X-Linked Myotubular Myopathy

X-linked myotubular myopathy (XLMTM) is a rare genetic disorder. This disease is quite devastating, and can uproot the routine of families affected. XLMTM is characterized by mutations in the MTM1 gene. The MTM1 gene codes for the protein myotubularin. Myotubularin is a protein that is critical for normal skeletal muscle function. Myotubularin is a lipid phosphatase, and it acts to remove a phosphate group from position 3 of phosphoinositides. Myotubularin regulates cellular processes, the filament network within the muscle cells, and is critical for proper function. XLMTM is an X-linked disease, meaning it is typically pathogenic in males. Females can be carriers of a mutated MTM1 gene, but are typically not affected. Females who do show symptoms typically present only with slight muscle weakness. This is due to the fact that females contain 2 copies of the gene, as they have two X chromosomes. The other functional MTM1 gene can make up for the deficits of the other gene.

Patients with XLMTM often have a difficult time going to diagnosis. They present at birth with very distinct symptoms, however, diagnosis of XLMTM typically starts with a muscle biopsy and confirmed with a genetic test. At birth, patients typically present with little to no muscle mass. They have weak lungs, and are often in respiratory failure shortly after birth.
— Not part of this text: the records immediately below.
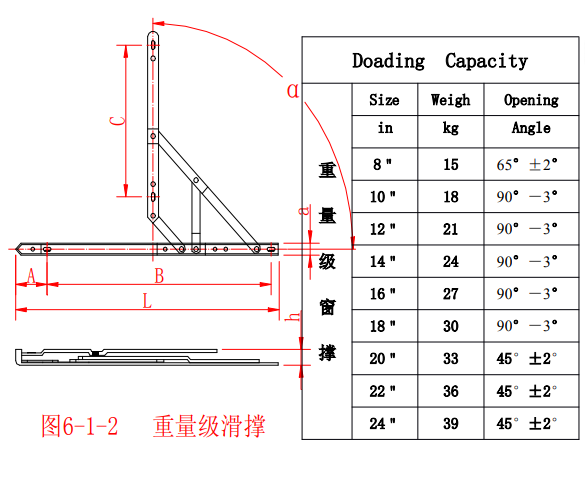 表 6-1 -3 重量級滑撐荷載能力參考表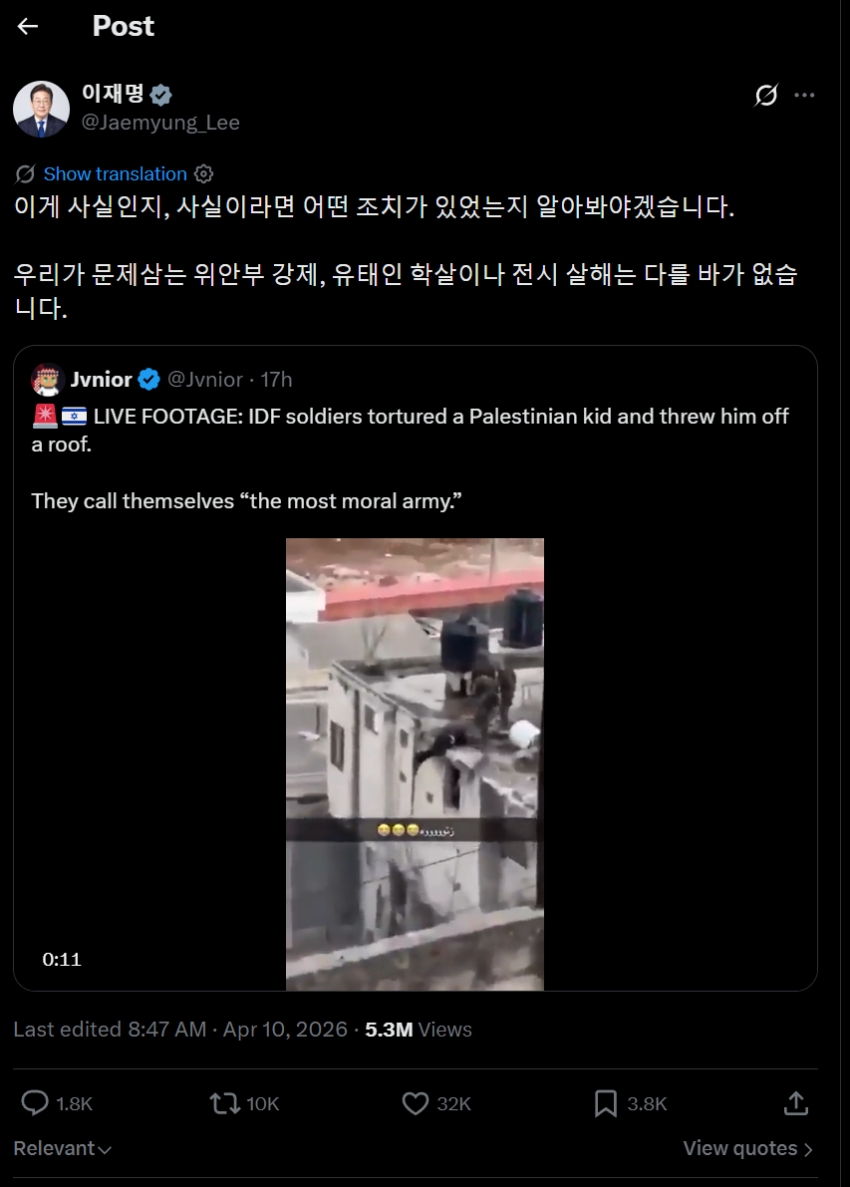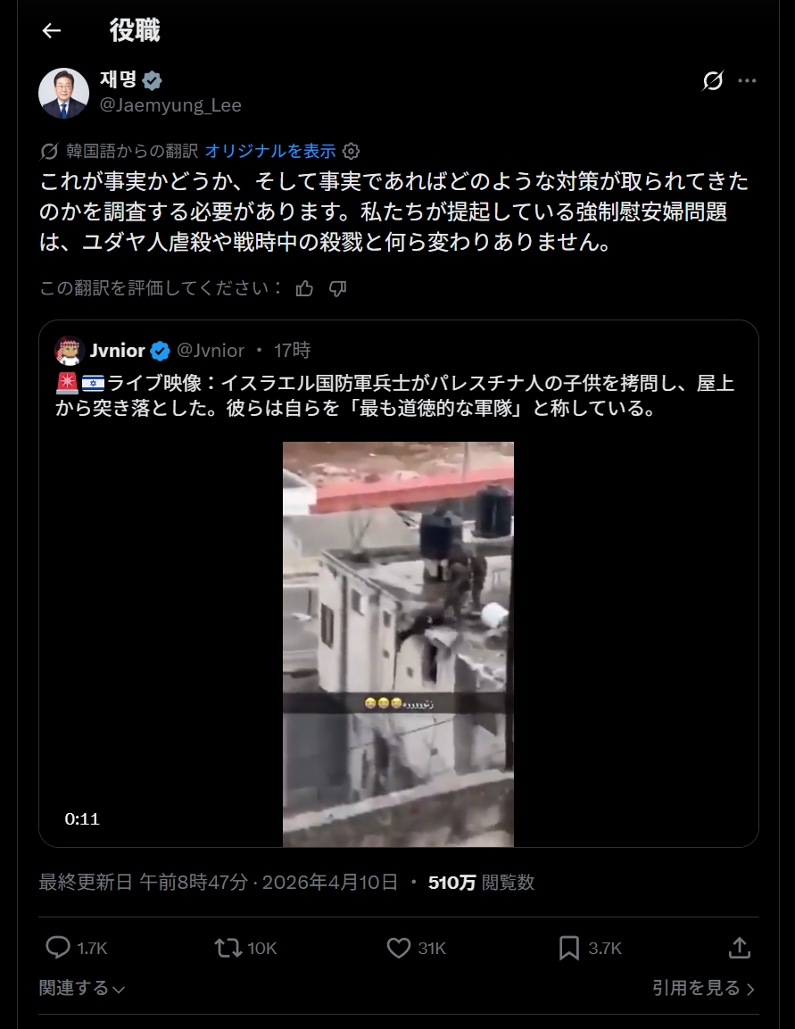 2026年04月10日、韓国大統領に成りおおせた李在明(イ・ジェミョン)さんが自身の『X』アカウントにバカ過ぎる投稿を行いました。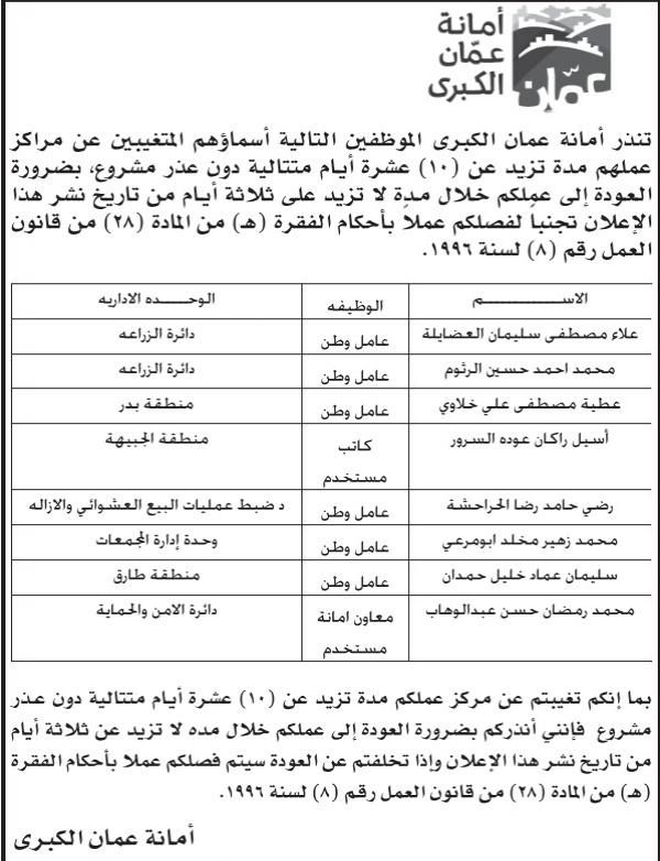 وعت الأمانة المذكورين أدناه الى ضرورة العودة إلى عملهم خلال مدة لا تزيد عن 3 أيام من تاريخ نشر هذا الإعلان، وإلا سيتم فصلهم.

Before birth, patients in the womb will have excess amniotic fluid and limited fetal movement. About 80% of patients diagnosed with XLMTM experience a severe form of the disease. This is characterized by chronic ventilator dependence starting early on in childhood. Patients are unable to walk independently, and often do not reach motor milestones of children without this disease. There is a high rate of death in infancy, and those who do survive require extensive support. Patients with severe XLMTM spend 30-50% of the first year of life in the hospital. About 25% will not survive past the first year of life. Those who are discharged will require 24-hour ventilator support, feeding tubes, and tracheostomy tubes. About 85% of all XLMTM patients will require nutritional support. This disease affects 1 in every 50,000 male births. Besides the typical respiratory and muscle symptoms, patients will experience other comorbidities. Patients will often have hepatobiliary diseases, and are at higher risk for cholestasis and hepatic hemorrhage. They can also develop hepatic peliosis, which are pockets of blood in the liver. They will also have issues with vision and eyesight.

XLMTM is a very rare and devastating disease. Because of the limited knowledge about the disease, there are no current treatments or cures for the disease. Patients are often solely treated with supportive care measures. This is a huge gap in the availability of treatments for these patients. These patients, as well as their families and loved ones, deserve to have options available. No parent or loved one should have to watch their child die a slow death, and there should be hope for everyone suffering from a rare disease. There are investigational therapies in the works for XLMTM, and hopefully the treatment of this disease will look different in the next few years.

References:

1. Dowling JJ, Lawlor MW, Das S. X-Linked Myotubular Myopathy. 2002 Feb 25 [Updated 2018 Aug 23]. In: Adam MP, Ardinger HH, Pagon RA, et al., editors. GeneReviews® [Internet]. Seattle (WA): University of Washington, Seattle; 1993-2021. Available from: https://www.ncbi.nlm.nih.gov/books/NBK1432/

2. Amburgey K, Tsuchiya E, de Chastonay S, et al. A natural history study of X-linked myotubular myopathy. Neurology. 2017;89(13):1355-1364.